*YOUR TASK:*
Please copy the lines below, exactly as they are, from the one with "- Shift Reconciliation: Shift" through the one with "Modern Braided Upholstery", and leave out the pictures.

*SUPPLIED DATA:*
--*--

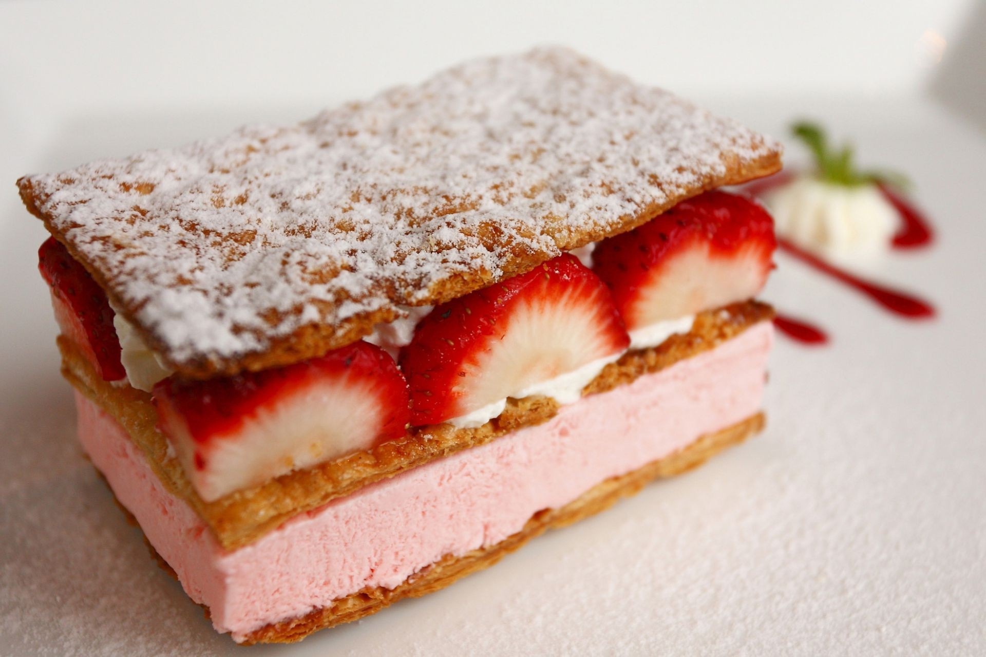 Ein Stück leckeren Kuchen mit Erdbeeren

--*--

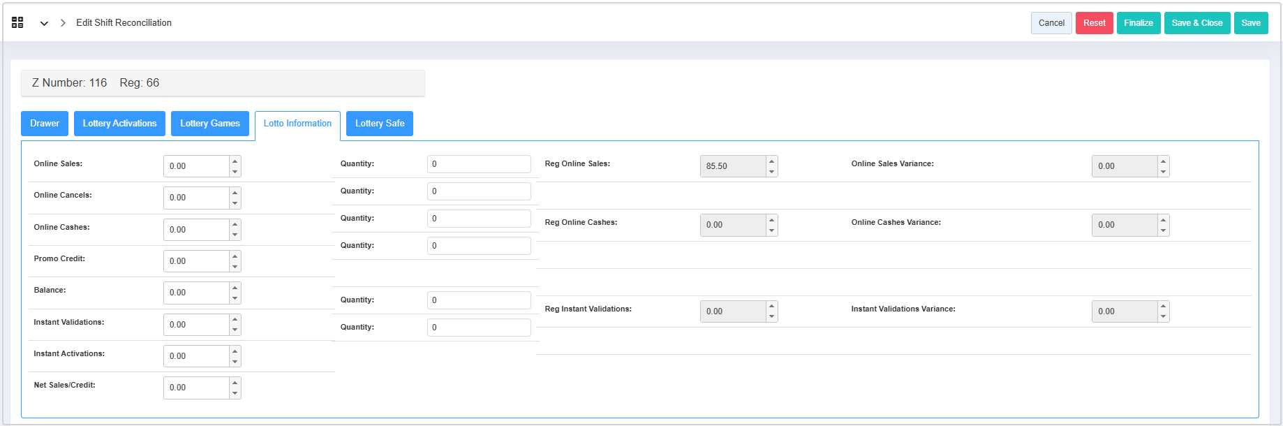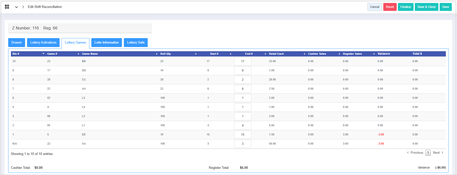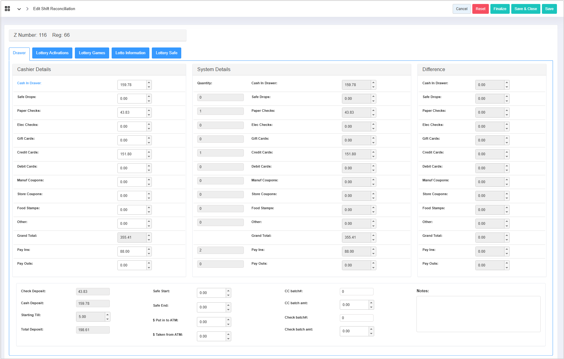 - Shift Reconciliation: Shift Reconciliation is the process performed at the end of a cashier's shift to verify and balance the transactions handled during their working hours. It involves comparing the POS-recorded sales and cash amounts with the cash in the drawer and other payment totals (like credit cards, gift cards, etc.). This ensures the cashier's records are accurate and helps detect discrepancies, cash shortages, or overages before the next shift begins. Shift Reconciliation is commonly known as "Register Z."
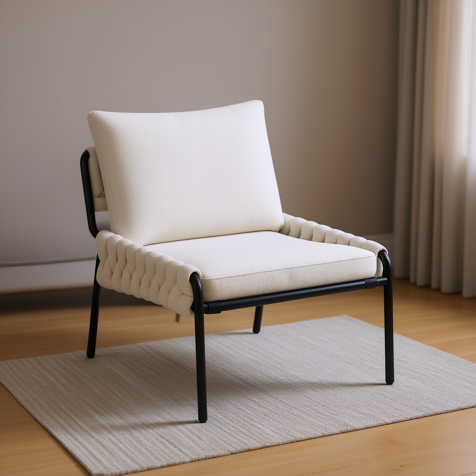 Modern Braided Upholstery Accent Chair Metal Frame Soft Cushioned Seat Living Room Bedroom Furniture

--*--

*OUTPUT FOR THIS TASK:*
 - Shift Reconciliation: Shift Reconciliation is the process performed at the end of a cashier's shift to verify and balance the transactions handled during their working hours. It involves comparing the POS-recorded sales and cash amounts with the cash in the drawer and other payment totals (like credit cards, gift cards, etc.). This ensures the cashier's records are accurate and helps detect discrepancies, cash shortages, or overages before the next shift begins. Shift Reconciliation is commonly known as "Register Z."
 Modern Braided Upholstery Accent Chair Metal Frame Soft Cushioned Seat Living Room Bedroom Furniture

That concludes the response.